▶ Work required: The required output is the lines from the one with "Prețul inițial a" through the end of the data, repeated verbatim, with no pictures included.

▶ Source material:
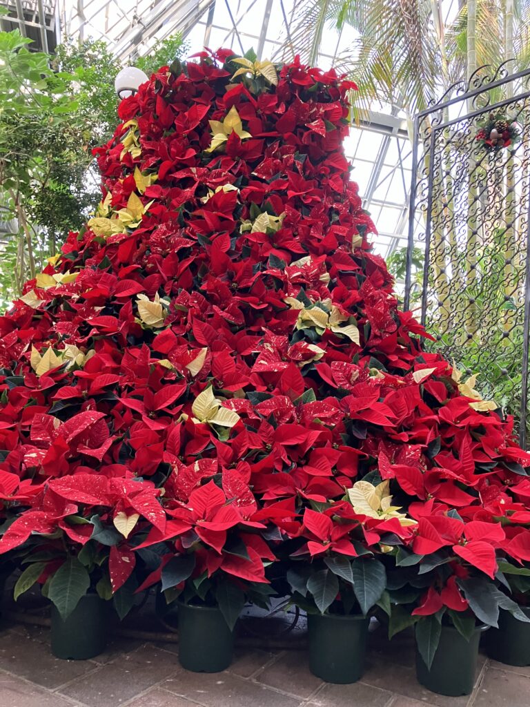 後ろの階段から上ってポインセチア鉢がドレスように見える装飾展示です。
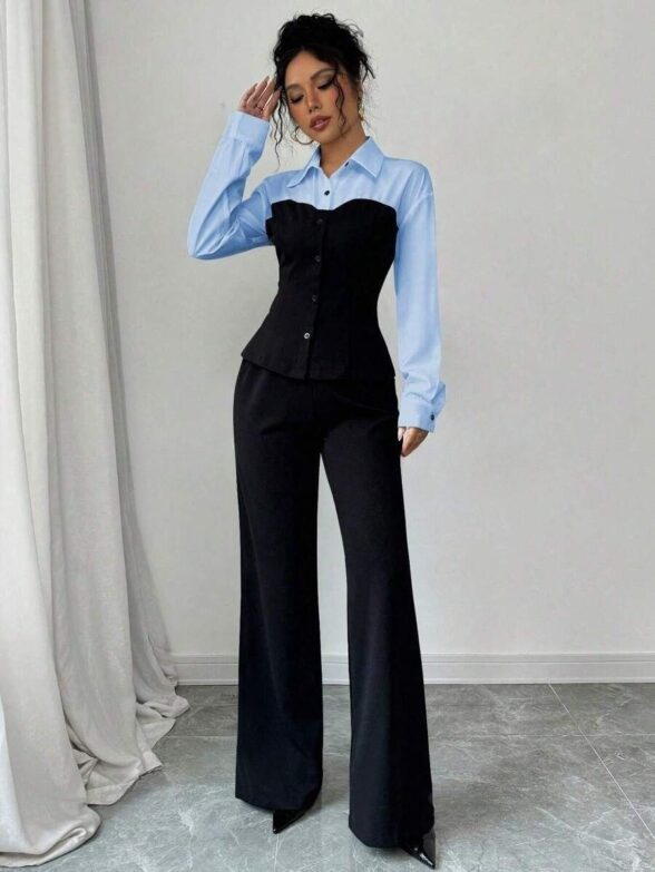 Prețul inițial a fost: 435,00 lei.174,00 leiPrețul curent este: 174,00 lei.Compleu cu Pantalon Lussa Negru
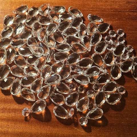 2 vegg prisme lamper og en prisme lysekrone( farge gull) selges for kr 400,- pr stk på vegg lampene og kr 800,- for lysekronen. Står a-b ribe metall på lampene. Fra 70- tallet
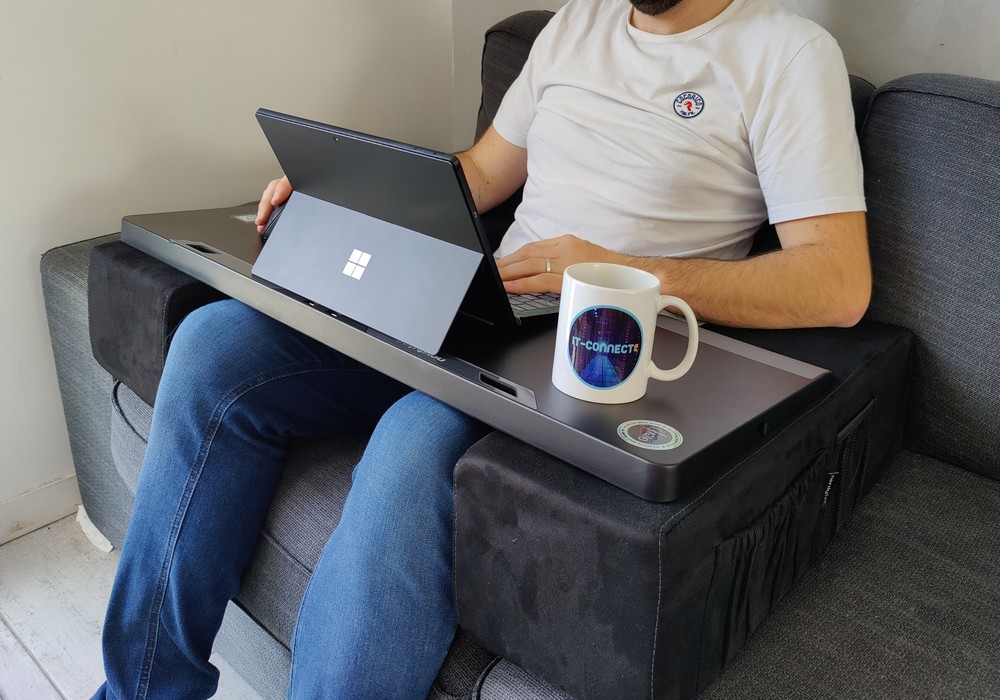 Me voici en place avec mon ordinateur, installé confortablement sur le canapé, grâce aux coussins et au plateau du Couchmaster. Les coussins sont très confortables et agréables, et grâce à eux, cela devient facile de travailler (ou jouer) depuis son canapé, car nous sommes bien installés. Les coudes sont maintenus par les coussins, ce qui permet de se mettre à l'aise que ce soit pour utiliser un ordinateur portable ou un kit clavier et souris. Nous pouvons rester dans cette position plusieurs heures, sans ressentir de gêne.

▶ Solution to the exercise:
 Prețul inițial a fost: 435,00 lei.174,00 leiPrețul curent este: 174,00 lei.Compleu cu Pantalon Lussa Negru
 2 vegg prisme lamper og en prisme lysekrone( farge gull) selges for kr 400,- pr stk på vegg lampene og kr 800,- for lysekronen. Står a-b ribe metall på lampene. Fra 70- tallet
 Me voici en place avec mon ordinateur, installé confortablement sur le canapé, grâce aux coussins et au plateau du Couchmaster. Les coussins sont très confortables et agréables, et grâce à eux, cela devient facile de travailler (ou jouer) depuis son canapé, car nous sommes bien installés. Les coudes sont maintenus par les coussins, ce qui permet de se mettre à l'aise que ce soit pour utiliser un ordinateur portable ou un kit clavier et souris. Nous pouvons rester dans cette position plusieurs heures, sans ressentir de gêne.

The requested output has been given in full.